折り上げた部分の一番裏側から針を刺し、まっすぐ上の、織り上げた部分の端にあたる、布1枚の部分を少しだけすくって、再び、折り上げた部分の一番裏側に針を通します。
たてまつりは、ゼッケンやアップリケを付ける時にも使えますよ。
是非、マスターしましょう。
縫い方の種類〈裾始末編〉②:流しまつり
ほつれやすい所に使える縫い方です。
たてまつりより、優しい縫い上がりになるので、スカートの裾始末に向いています。
縫い目が斜めになっているのが分かりますね。
裾の部分を折り上げて、折り上げた部分の一番裏側から縫い始め所はたてまつりと同じです。

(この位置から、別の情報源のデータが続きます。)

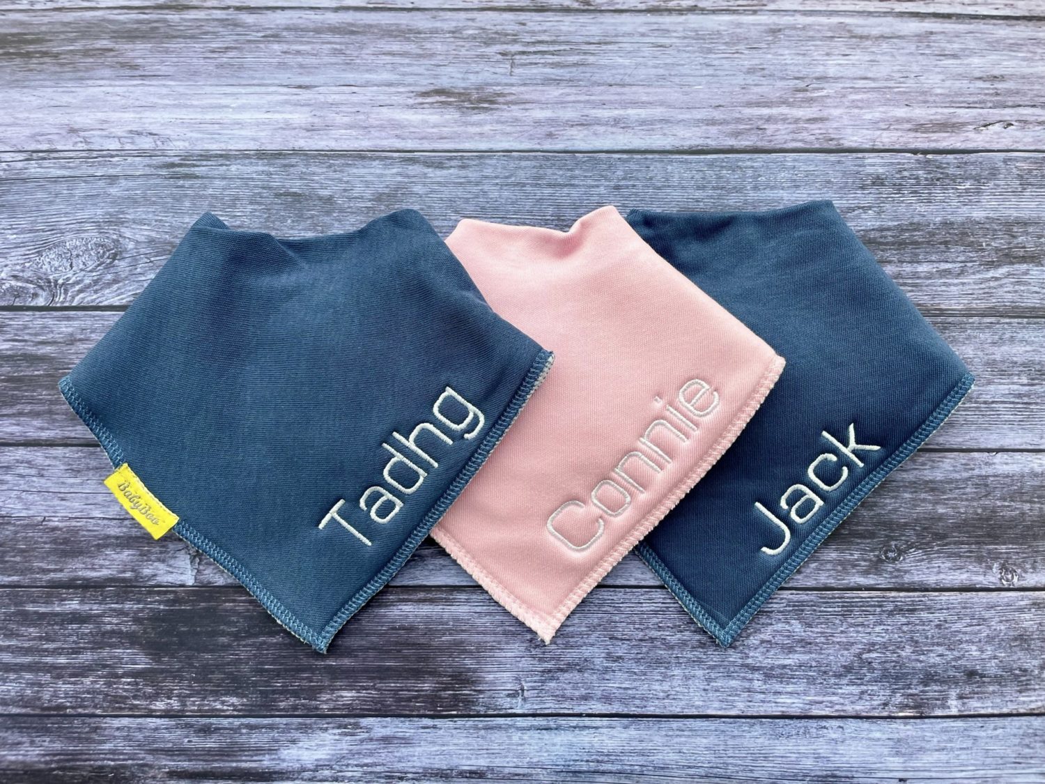 Please note there may be slight colour or size differences between bibs and photos of bibs. The font will always be the same on our Name to the side bib.

違うのは、上の布を少しすくう時、針を出した所の真上ではなく、少し先の場所をすくう事、こうする事で、裏から見た縫い目が斜めになるのです。
縫い方の種類〈裾始末編〉③:奥まつり
裏からも、表からも縫った糸が見えない縫い方です。
糸が布の表に出ない分、着て活動していても糸に摩擦が加わりにくく、切れにくいので、ズボンの裾上げに適していますね。
既製品の服、特に、高級品はこの種類の縫い方が多いですよ。
流しまつりのアレンジバージョンですが慣れないと難しいですね。
布を少し折り返して、布端から5mmぐらい内側を縫っていくのです。
縫いにくい場合は、布地を上下逆にして縫うと、やりやすいですよ。
縫い方の種類〈裾始末編〉④:渡しまつり
たてまつりのアレンジバージョンですね。
コの字とじとも言います。
布の端と端をピッタリくっつけられる縫い方です。
2枚の布の端を少し折り返し、折り山の所を縫っていきます。
均等な間隔になるように、右の布、左の布と順に針を通して、時々、糸をゆっくり引っ張って締めます。

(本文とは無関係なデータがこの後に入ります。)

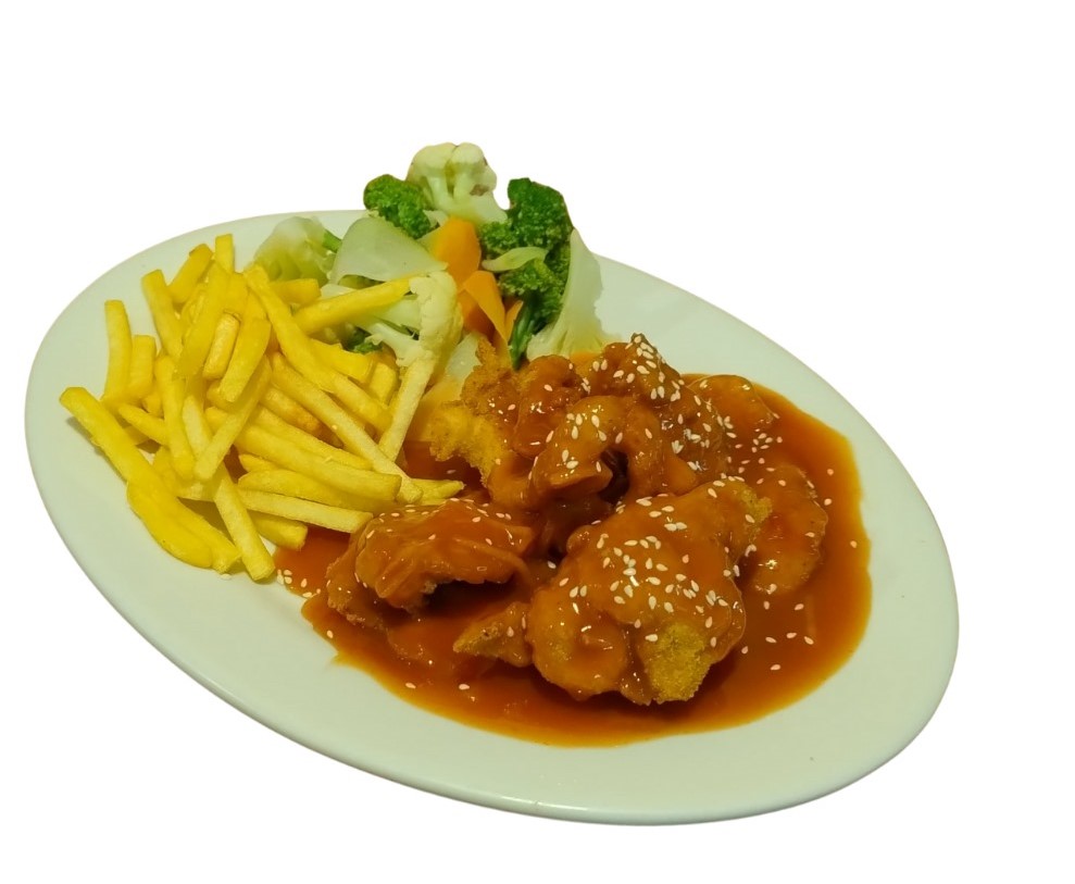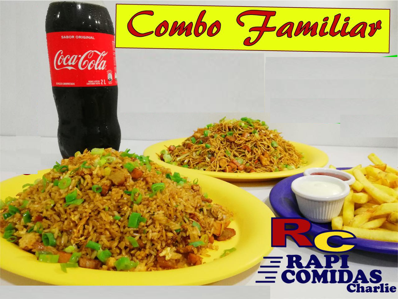 1 Entero de cantonés, 1 entero de chop suey, 1 orden de papas fritas grandes y Gaseosa de 2 L.

縫い終わると、糸が完全に布の中に隠れているのが分かりますよ。
ぬいぐるみやクッションカバーなどの袋物を縫う時にこれが出来ると便利ですよ。
縫い方の種類〈裾始末編〉⑤:千鳥かけ
その名の通り、縫い上がりが千鳥足のように見える縫い方です。
裏地と表地を縫い合わせる時、ウエストゴムを付ける時などに使います。
縫い方としては、流しまつりのアレンジバージョンですね。
折り返した布端の内側から針を刺したら、次は、上の布の少し先の位置に刺し、縫い進む方向と逆の方向に少しだけすくいます。
続いて、縫い進む方向に従って、再び折り返した生地の内側に針を通し、縫い進む方向と逆の方向に布をすくいます。

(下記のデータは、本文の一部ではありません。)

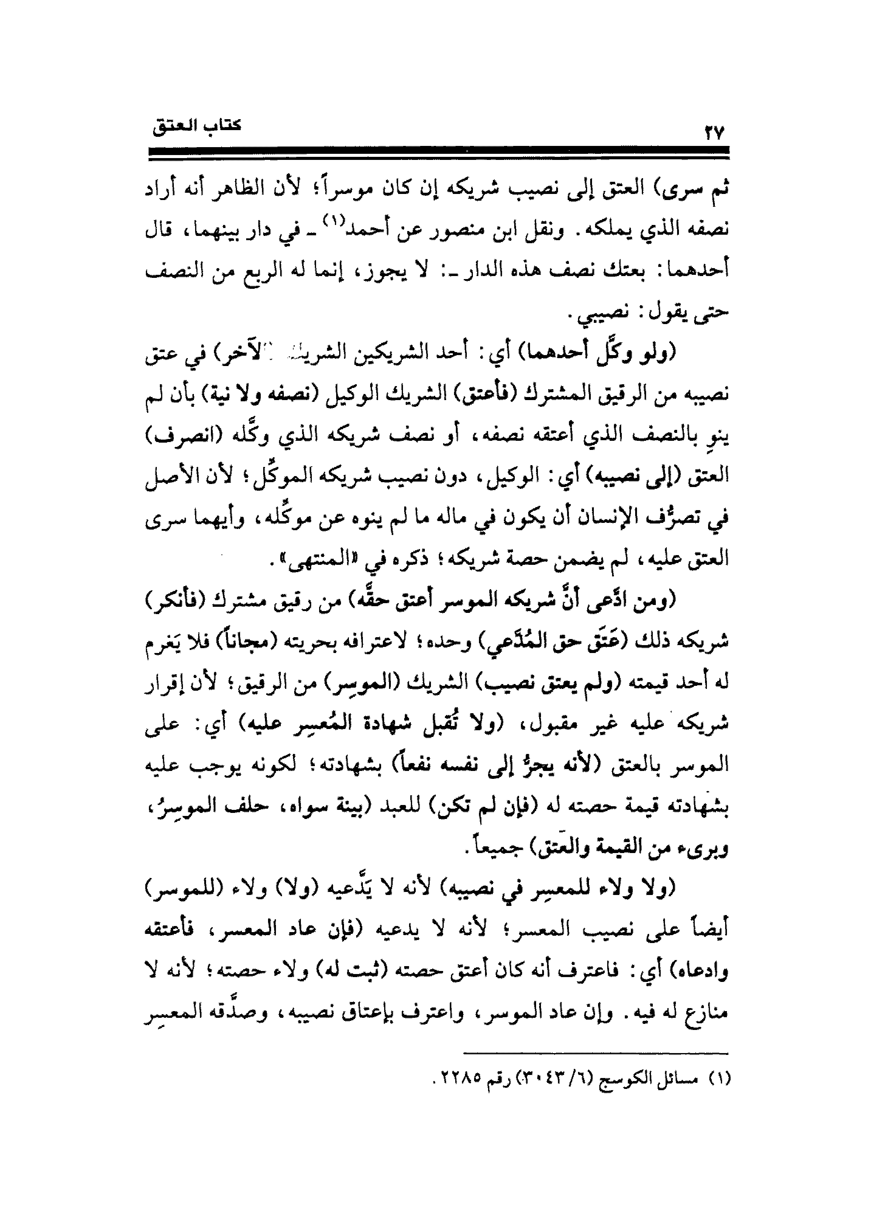 ثم سرى) العتق إلى نصيب شريكه إن كان موسرًا؛ لأن الظاهر أنه أراد نصفه الذي يملكه. ونقل ابن منصور عن أحمد (¬١) -في دار بينهما، قال أحدهما: بعتك نصف هذه الدار-: لا يجوز، إنما له الربع من النصف حتى يقول: نصيبي.

進んでは戻り、と言う縫い方を進めることで、糸がクロスした状態になるのです。
基本、手縫いは右から左へ、縫って行きますが、千鳥がけの時は、左から右へ縫うようにしましょう。
その他の縫い方もご紹介
もっと別の種類の縫い方を紹介しましょう。
- 巻き縫い
- 星止め
ミシンでも手縫いでも出来ますよ。
その他の縫い方①:巻き縫い
かがり縫いの種類の1つで、2枚の布を縫い合わせる時に使う縫い方です。
ジャケットの裾、ジーンズでよく使われていますね。
2枚の生地の両端を巻込んで、細かく縫うのです。
結構技術と根気がいる縫い方です。
慣れないうちは、手縫いなら、待ち針で布を止め手から縫う、また、ミシンで縫う場合は、しつけ糸で仮縫いしてから縫う方が安心ですね。
その他の縫い方②:星止め
可愛らしい名前ですが、パッチワークでよく使われています。
縫い目が全く表に出ない、あるいは、出ていても、わずかしか表に出ていないことから、この名がついています。
奥まつりの1つの種類ですね。
布の裏から針を刺し、引き抜いたら、刺した所より少し後ろに戻って、次の目の所に針を出し、引き抜き、また少し戻って張りを刺し、と言う作業を繰り返します。
パッチワークの他、ファスナーを付けるのにも使えますよ。
手縫いに必要な道具
手縫いに必要な道具を紹介しましょう。
- 縫い針
- まち針
- 糸
- ピンクッション
- はさみ(布用、糸用)
- 裁縫箱
針、糸は何種類か用意しましょう。
はさみも、刃がダメになってしまいますから、事務用のはさみではなく、糸用、布用と用途別に専用のものを用意しましょう。
裁縫箱は必ず、用意して下さい。
1つの箱にまとめておくと便利、というだけでなく、針など、裁縫道具は細かくて無くしやすく、また、危険なものが多いですから、安全に保管、管理する事はとても大切です。
裁縫箱は、特別な物でなく、空いたお菓子の缶などでも良いですよ。
様々な縫い方が載っている手芸本
色んな種類の縫い方を掲載している本を紹介しましょう。
洋裁について、家庭で役立つ基本的なことを一通り紹介している本です。
縫い方に関しても、普通の手縫いだけでなく、ミシンや刺繍にいたるまで、実に幅広い種類を掲載していますよ。
裁縫箱と一緒に置いておきたい1冊です。
手のぬくもりを大切に
機械化が進み、便利になっても、人間の手作業に頼る部分はいつまでもありますよね。
裁縫もそうです、家庭で補修する程度なら、機械を使うほどでもないことが殆どでもあります。
自分の手で縫うと、また、愛着が湧きます。
色んな種類の縫い方をマスターして、手のぬくもりを大切に、受け継ぎたいですね。